|
The common Buckthorn grows in our woods and thickets, and used to be popularly known because of the purgative syrup made from its juice and berries. It bears dense branches of small green flowers, followed by the black berries, which purge violently. If gathered before they are ripe they furnish a yellow dye. When ripe, if mixed with gum arabic and lime water, they form the pigment called "Bladder Green." Until late in the
present century O dura ilia messorum English rustics, when requiring an aperients dose for themselves or their children, had recourse to the syrup of Buckthorn. But its action was so severe, and attended with such painful griping, |
that as time went on the medicine was discarded, and it is now employed in this respect almost exclusively by the cattle doctor. Dodoeus taught about Buckthorn berries: "They be not meet to be administered but to young and lusty people of the country, which do set more store of their money than their lives." The shrub grows chiefly on chalk, and near brooks. The name Buckthorn is from the German buxdorn, boxthorn, hartshorn. In
Anglo-Saxon it was Heorot-bremble. It is also known as Waythorn, Rainberry Thorn, Highway Thorn and Rhineberries. Each of the berries contains four seeds: and the flesh of birds which eat thereof is said to be purgative. When the juice is given medicinally it causes a bad stomach-ache, with much dryness of the throat: for which reason Sydenham always ordered a basin of soup to be given after it. Chemically the active principle of the
Buckthorn is "rhamno-cathartine." Likewise a milder kind of Buckthorn, which is much more useful as a Simple, grows freely in England, the Rhamnus frangula or so-called "black berry-bearing Alder," though this appellation is a mistake, because botanically the Alder never bears any berries. This black Buckthorn is a slender shrub, which occurs in our woods and thickets. The juice of its berries is aperients, without being irritating,
and is well suited as a laxative for persons of delicate constitution. It possesses the merit of continuing to answer in smaller doses after the patient has become habituated to its use. The berry of the Rhamnus frangula may be known by its containing only two seeds. Country people give the bark boiled in ale for jaundice; and this bark is the black dogwood of gunpowder makers. Lately a certain aperient medicine has become highly
popular with both doctors and patients in this country, the same being known as Cascara Sagrada. It is really an American Buckthorn, the Rhamnus Persiana, and it possesses no true advantage over our black Alder Buckthorn, though the bark of this latter must be used a year old, or it will cause griping. A fluid extract of the English mild Buckthorn, or of the American Cascara, is made by our leading druggists, of which from half to
one teaspoonful may be given for a dose. This is likewise a tonic to the intestines, and is especially useful for relieving piles. Lozenges also of the Alder Buckthorn are dispensed under the name of "Aperient Fruit Lozenges;" one, or perhaps two, being taken for a dose as required.
|
There is a Sea Buckthorn, Hippophoe, which belongs to a different natural order, Eloeagnaceoe, a low shrubby tree, growing on sand hills and cliffs, and called also Sallowthorn. The fruit is made (in Tartary) into a pleasant jelly, because of its acid flavor, and used in the Gulf of Bothnia for concocting a fish sauce.

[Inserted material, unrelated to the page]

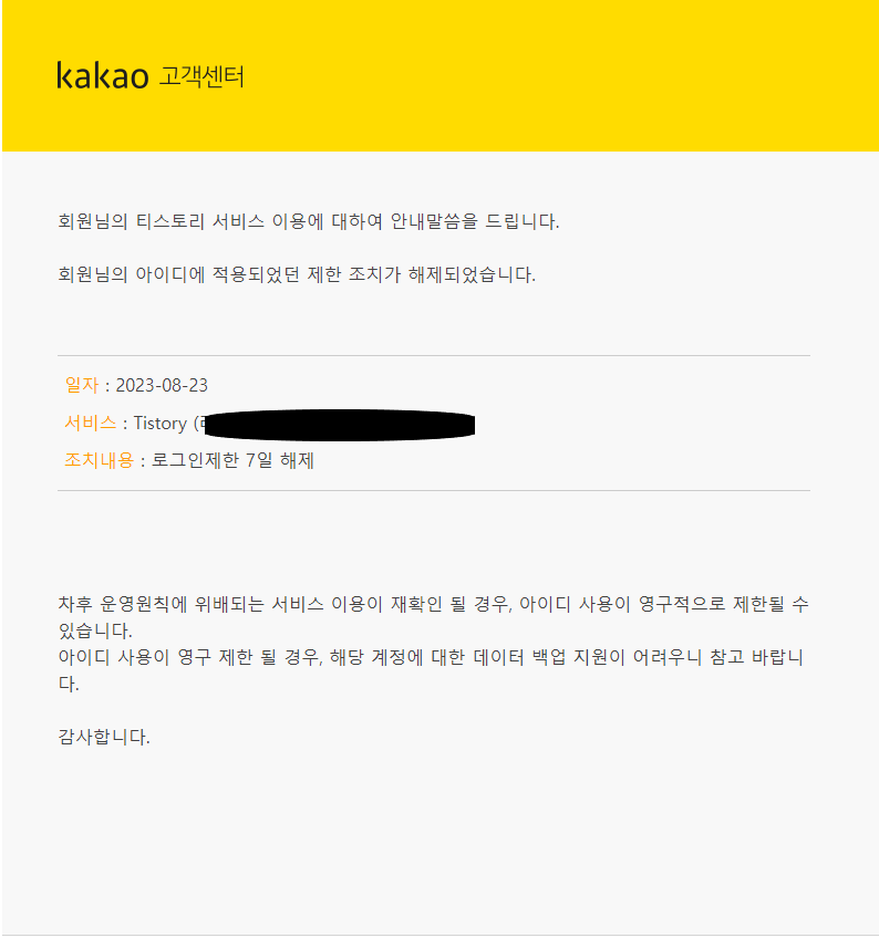 8์ 23์ผ๋ถํฐ 8์ 30์ผ๊น์ง ๋ก๊ทธ์ธ์ ํ์ด๋ผ๊ณ ๋ฉ์ผ๊ณผ ์๋ฆผ์ ๋ฐ์์ต๋๋ค.

The name signifies "giving light to a horse," being conferred because of a supposed power to cure equine blindness; or it may mean "shining underneath," in allusion to the silvery underside of the leaf.
The old-fashioned Cathartic Buckthorn of our hedges and woods has spinous |
thorny branchlets, from which its name, Rhamnus, is thought to be derived, because the shrub is set with thorns like as the ram. At one time this Buckthorn was a botanical puzzle, even to Royalty, as the following lines assure us:
"Hicum, peridicum; all clothed in green;
The King could not tell it, no more could the Queen;
So they sent to consult wise men from the East.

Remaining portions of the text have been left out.